This anarchic approach actually worked for some time while the project wasn't going too fast. But as this has changed in the recent couple of years and as I've had left users stranded waiting for a new release for months on a couple of occasions I though it's time to get more serious.

Our release process is now quite simple, too. A maintainer only has to document the changes, update the version number and push it all to GitHub. GitHub then pings a certain API handler on highlightjs.org and the site does everything else:

updates the code,
builds a CDN package and pushes it to GitHub from where two independent CDN providers pick it up, also automatically,
builds and pushes a package to npmjs.org,
updates the live demo and various metadata (version number, language count, etc),
pre-builds site's caches used for dynamic custom builds,
publishes version-related news from the CHANGES file,
restarts itself,
goes on social media and spends a day generating and over-excited buzz about the release (OK, probably not this :-) ).

The process is still fragile but bugs are getting fixed and it's anyway immensely simpler than doing it all manually.

See you next on October, 20th!

Styles unification: first results

2015-05-06T21:37:53.791000+00:00

Yesterday I gathered some willpower and began working on a long awaited (by myself, at the least) style unification in highlight.js. Here's the first taste of why I think it is important.

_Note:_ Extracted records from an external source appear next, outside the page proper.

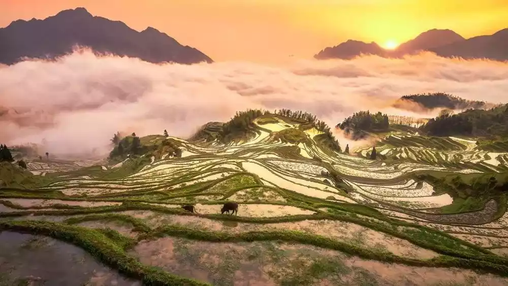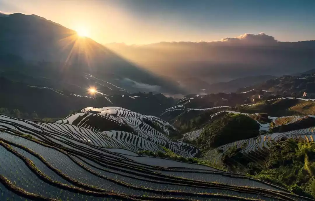 June is the month when you can see Longji irrigation and farmers planting rice. When the terraces are filled with water, the layers of terraces sparkle like morning mist and morning glow.
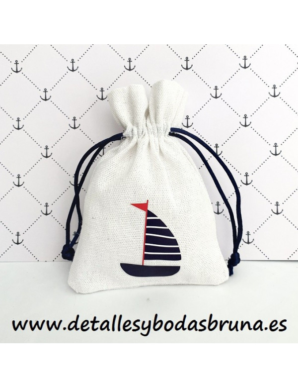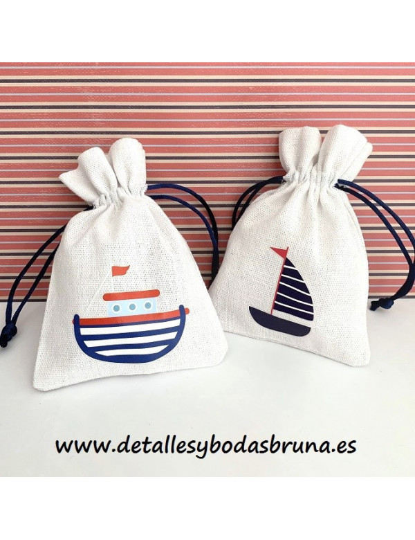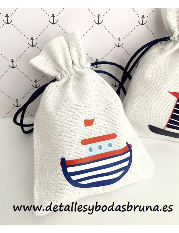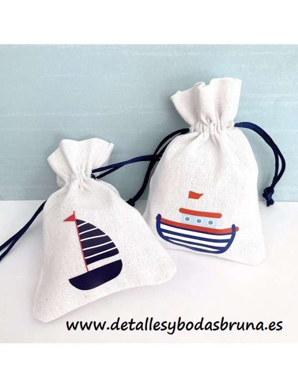 bolsitas de tela o lino con motivos marineros ideales para presentar los detalles, dulces y bombones para los invitados a tu boda, COMUNIÓN, bautizo, fiesta o evento.
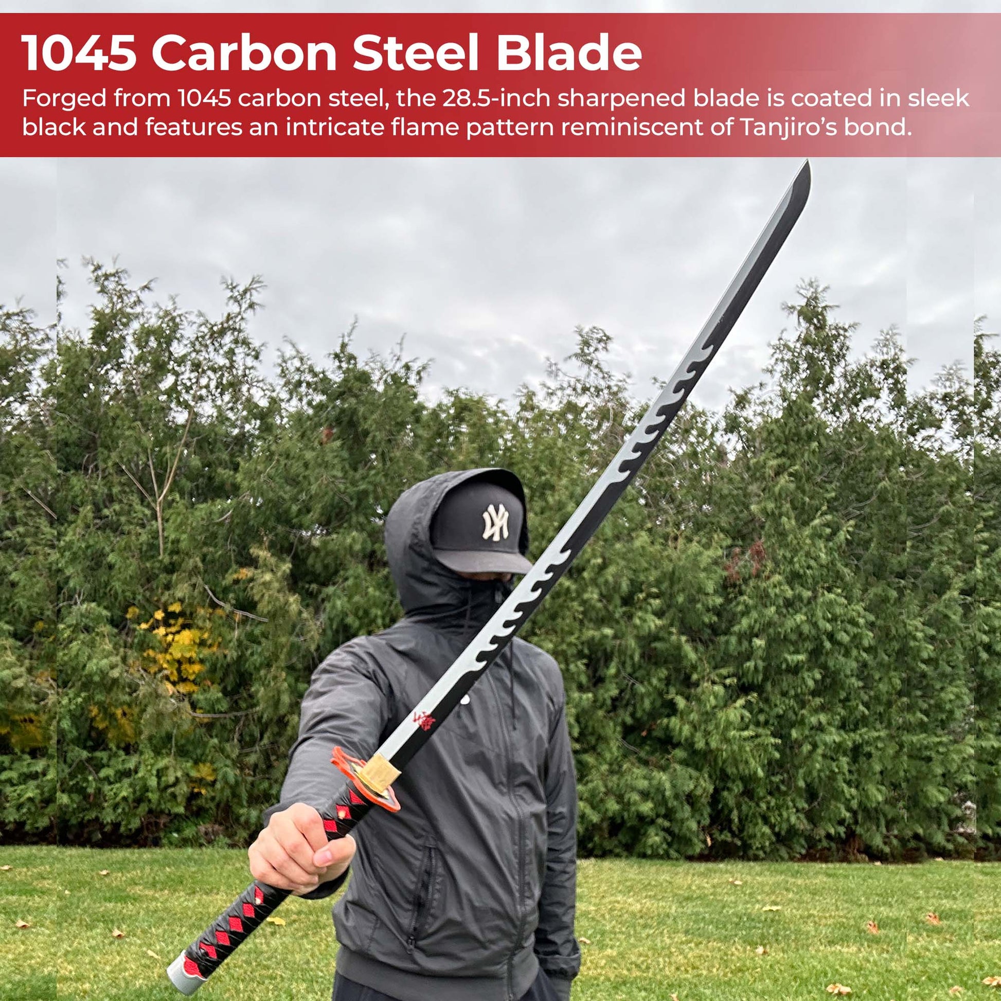 Overall Length: 41.5 inchesBlade: 28.5 inches; sharpened 1045 carbon steel with a sleek black finish and flame pattern
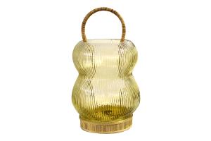 Lantern Ribbed Tinted Yellow Glass w/Rattan Handle & Base
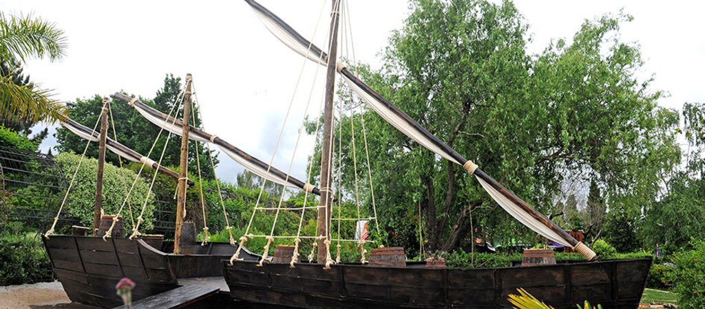 Genericamente, tratou-se de criar uma paisagem de costa caribenha utilizando elementos vegetais próprios do lugar, combinados com água e areia, local onde uma caravela portuguesa teria carregado plantas hortícolas para trazer para a Europa em 1500.
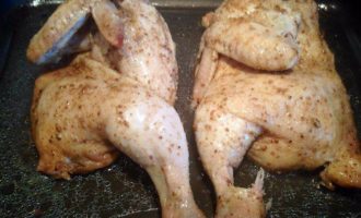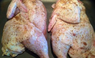 Цыпленка разрезать по грудке и спинке на 2 части. Тщательно натереть со всех сторон Сванской солью. Желательно поставить под гнет или использовать вакуумный контейнер. Поставить мариноваться на ночь.
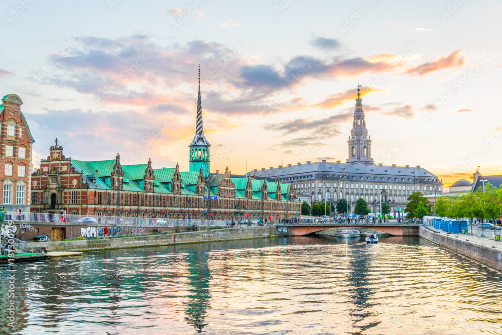 Fototapeta Sunset view of the Borsen and Christiansborg slot palace in Slotsholmen, in Cope
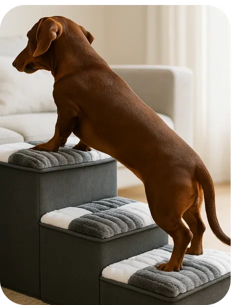 Miękkie, szerokie stopnie (wys. 13 cm) – idealne dla psów do 20 kg oraz starszych pupili z wrażliwymi stawami.

Let's take one of the recently added style — the "Android Studio" — and see how it displays two config languages that happen to not count as "hot" these days: Apache and .Ini:

Section headers, variable expansions, rewrite flags aren't highlighted at all.
Pre-defined literals ("True", "on") are highlighted in .Ini unisg the same color as directive names in Apache.

To fix this particular case I had to define semantics for classes "section", "meta", "variable", "name" and "literal", and dropped all the Apache- and .Ini-specific rules from styles.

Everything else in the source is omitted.